What the task requires
Transcribe exactly, leaving out pictures, the lines from the one that holds "The Norway international" through the end of the data below, including both end lines and no others.

(Records contained in a dataset)
"""

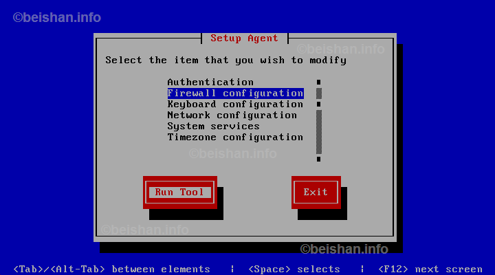 选择 Firewall configuration,用Tab键选择 Run Tool,然后按空格键或回车键
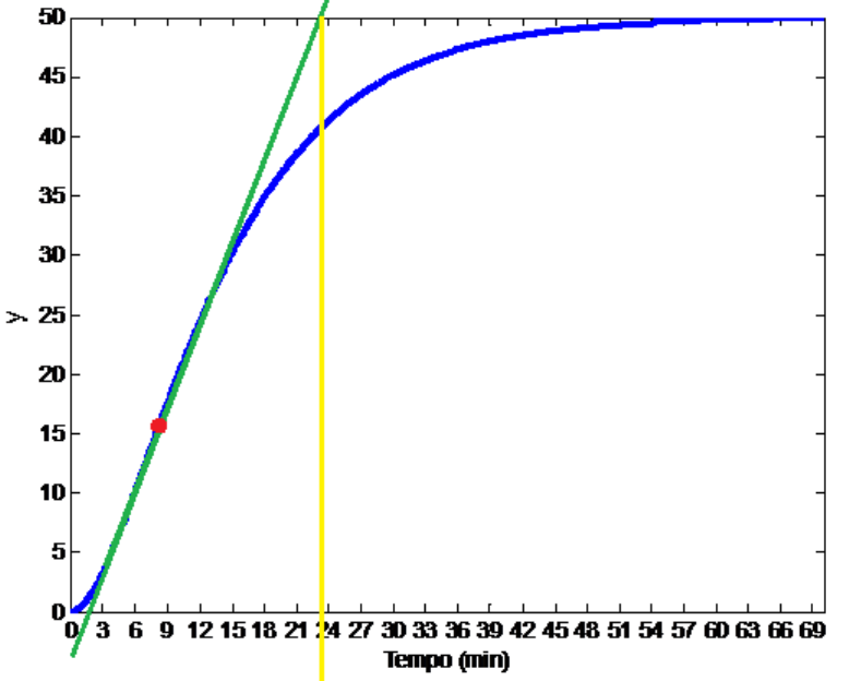 Sintonia pelo método baseado em curva de reação A gente sabe que o método da curva de reação pode ser aplicado quando a gente aplica uma variação na entrada do sistema e ele responde com uma curva com formato de S. Existem duas formas de aplicar o método da curva de reação: estimando τ e θ (da aproximação de 1º ordem com atraso) através da reta tangente ao ponto de inflexão da curva ou através de equações. Os dois métodos estimam valores parecidos, mas dificilmente os resultados serão iguais. O método da reta tangente ao ponto de inflexão consiste em encontrar, inicialmente, o ponto de inflexão da curva, ou seja, o ponto onde a curva muda de concavidade. Na figura abaixo ele está indicado pelo ponto vermelho. Depois de localizá-lo, basta passar a reta tangente a esse ponto e prolongá-la até o eixo X e até o valor de y correspondente ao estado estacionário (nesse exemplo o valor é 50). A distância entre o tempo 0 e ponto onde a reta tocou o eixo X é o valor do tempo morto, ou seja, θ = 1,5min (aproximadamente). Para encontrar τ, deve-se traçar uma reta até o eixo X referente ao ponto de encontro da reta tangente e o valor de y do estado estacionário (reta amarela). Nesse exemplo, o ponto onde ele tocou o eixo X menos o valor de θ corresponde à constante de tempo, logo θ = 23,5 – 1,5 = 22min. O outro método consiste em usar equações para aproximar θ e τ (método chamado de algoritmo de dois pontos). O intervalo da variável y é dividido em 3 partes iguais, nesse exemplo cada parte terá um valor de 50/3 = 16,7, logo, as retas mostradas em vermelho estão posicionadas aproximadamente sobre os valores 16,7 e 33,3. Basta encontrar os tempos correspondentes que o sistema levou para alcançar esses valores que são aproximadamente t1/3 = 8,5min e t2/3 = 16min. Basta aplicar agora as equações abaixo. 71,10 7,0 5,816 7,0 3/13/2 tt 216,44,03/1 t O ganho é o ultimo parâmetro e ele é encontrado do mesmo jeito para os dois métodos (neste exemplo estou supondo Δu = 10): 5 10 050 u y K Agora basta aplicar nas tabelas referentes às constantes. É trabalho braçal. Vou aplicar apenas na tabela de Ziegler-Nichols (slide 12 da apresentação de sintonia de controladores). Os parâmetros de Cohen-Coon estão no slide 13. Vou usar os valores de θ e τ obtidos pelas equações. 6097,0 216,4*5 71,10 2,12,1 K kp 4320,8216,4*22 i 1080,22/216,42/ d A questão também pediu para sintonizar considerando que o problema é do tipo servo e usando critério de erro integral IAE. O slide 23 dá as equações para kp, τi e τd para problemas do tipo servo, mas para usá-las é preciso preencher os valores das constantes A, B, ... e F, que estão na tabela do slide 24. Essas constantes vão depender do tipo de erro integral utilizado e neste caso a questão pediu IAE (3ª linha). Na prática, os critérios IAE e ITAE não apresentam muita diferença nos valores finais das constantes do controlador. Os controladores dos outros processos mostrados na questão são sintonizados do mesmo jeito. Sintonia pelo método da autossintonia Quando o método da curva de reação não é aplicável (o processo oscila antes de chegar no estado estacionário) é preciso lançar mão de algum método em malha fechada (ganho final ou autossintonia). Essa questão usa o método da autossintonia, porque a variável manipulada está sendo alternada em dois patamares para induzir o sistema a uma oscilação sustentada. Através do gráfico da variável controlada é possível extrair o período crítico (distância entre dois picos ou dois vales) e a amplitude da oscilação. A figura abaixo mostra a amplitude (a) e o período crítico (Tcr). A amplitude é a distância entre o ponto central da oscilação e um pico ou vale. Pelo gráfico a = 50 e Tcr = 39min (aproximadamente). Para estimar o outro parâmetro crítico (o ganho crítico Kcr), é necessário encontrar a amplitude da variável manipulada também. A figura abaixo mostra que h = 100. O Kcr é calculado com a seguinte equação: 55,2 50 10044 a h Kcr Agora que temos Tcr e Kcr, basta aplicar nas equações das constantes de Ziegler-Nichols (slide 33) ou Tyreus-Luyben (slide 34). Vou aplicar os parâmetros de Ziegler-Nichols: Kp = 0,6*Kcr = 0,6*2,55 = 1,53 τi = Tcr/2 = 39/2 = 19,5 τd = Tcr/8 = 39/8 = 4,88
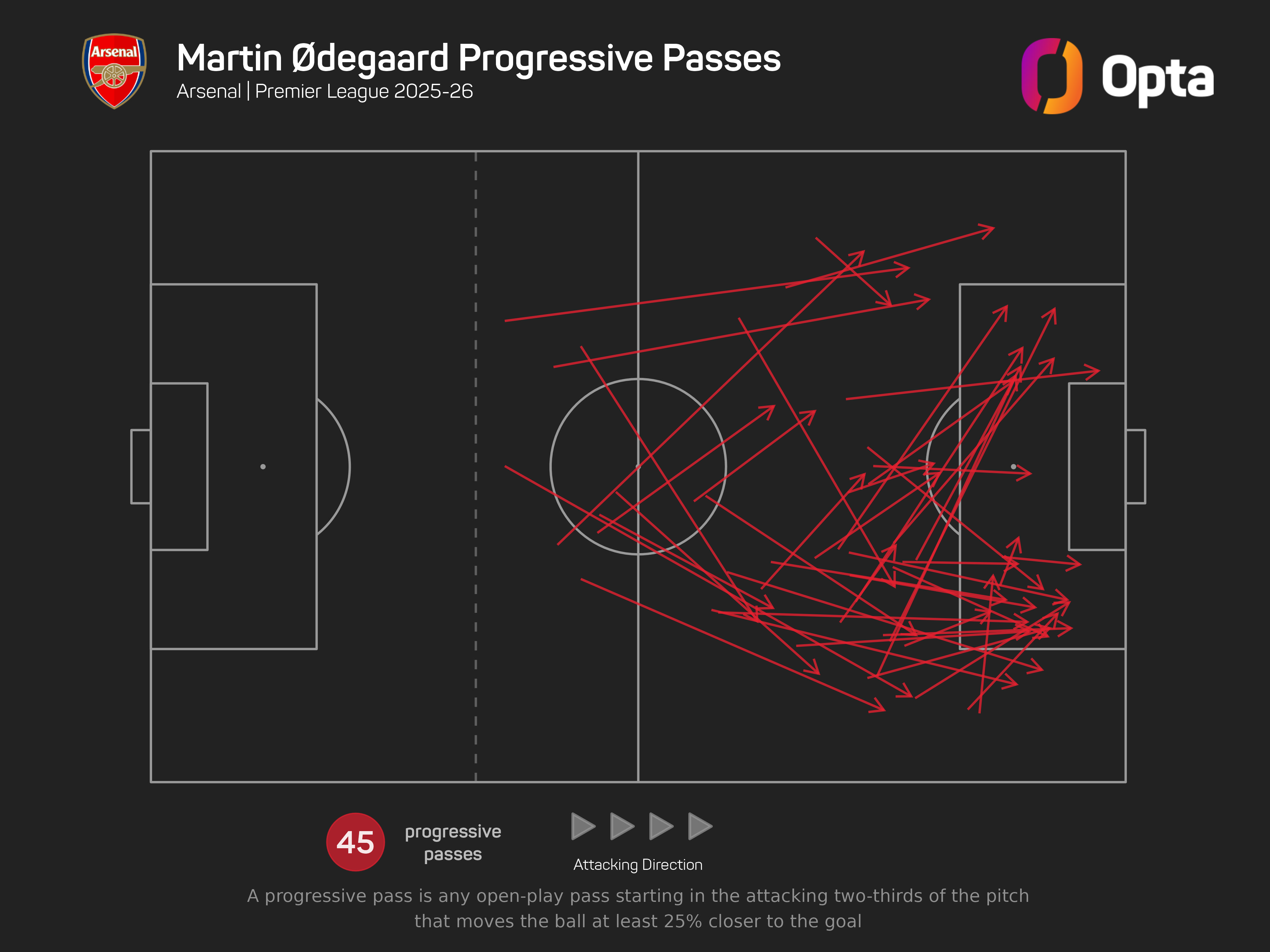 The Norway international has had injury problems of his own this season, only playing 42% of Arsenal's total Premier League minutes (718 of a possible 1,710), but he has still played more line-breaking passes into the penalty area than any other Arsenal player (16).
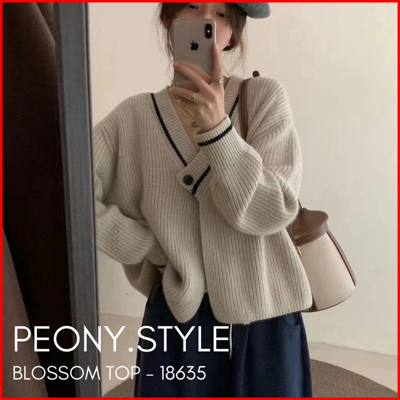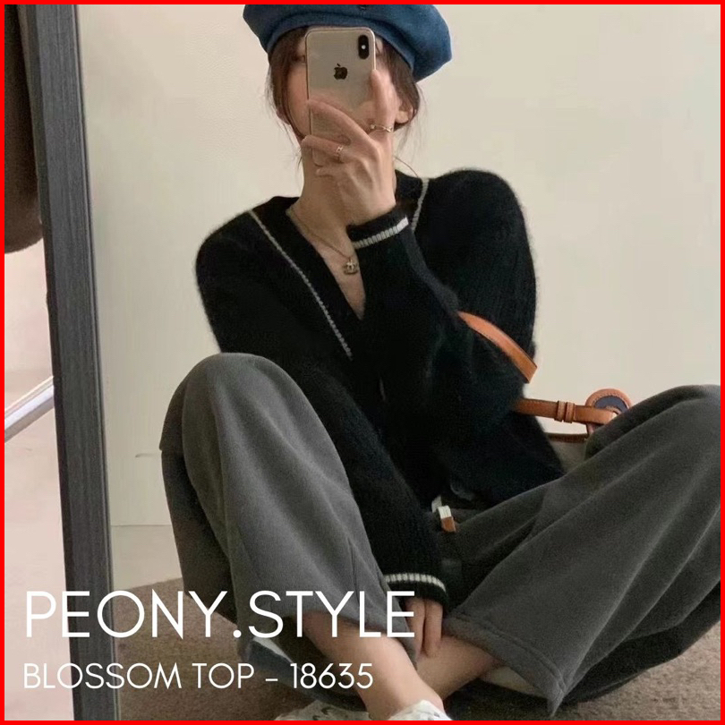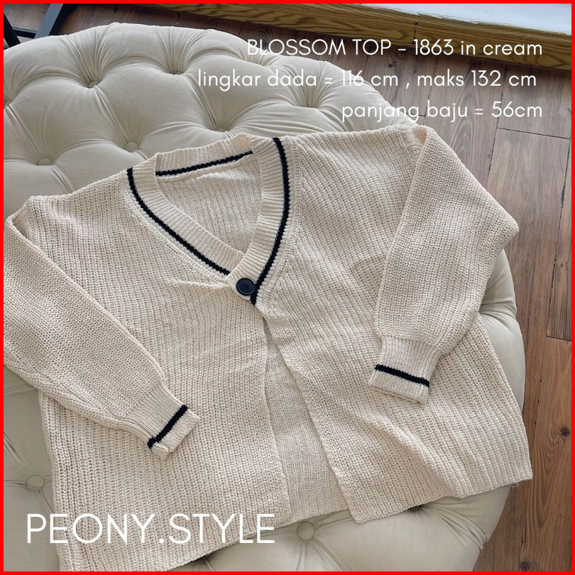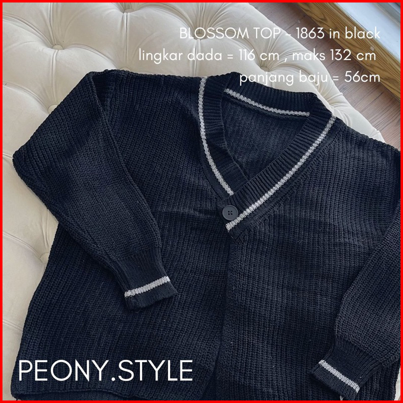 Blossom Sweater Top - Sweater Rajut Impor Model Korean Style Salur Hitam Putih Unik
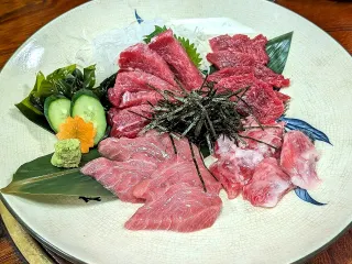 NEW ちょっと旨いもん食べてきました~! いつもの近所のブロ友さんたちと「ちょっとええもん」食べに心斎橋へ!自分、待ち合わせ時間を勘違いして1時間遅刻したのはヒミツですwwブログ仲間なので乾杯の撮影は欠かせませんwwここはまぐろが最高のお店!、「本まぐろのツラ身 4種盛り」、これが最高です(手前左=脳天肉、手前右=眼肉、奥左=ほほ肉、右・の

"""

Reply to the exercise
 The Norway international has had injury problems of his own this season, only playing 42% of Arsenal's total Premier League minutes (718 of a possible 1,710), but he has still played more line-breaking passes into the penalty area than any other Arsenal player (16).
 Blossom Sweater Top - Sweater Rajut Impor Model Korean Style Salur Hitam Putih Unik
 NEW ちょっと旨いもん食べてきました~! いつもの近所のブロ友さんたちと「ちょっとええもん」食べに心斎橋へ!自分、待ち合わせ時間を勘違いして1時間遅刻したのはヒミツですwwブログ仲間なので乾杯の撮影は欠かせませんwwここはまぐろが最高のお店!、「本まぐろのツラ身 4種盛り」、これが最高です(手前左=脳天肉、手前右=眼肉、奥左=ほほ肉、右・の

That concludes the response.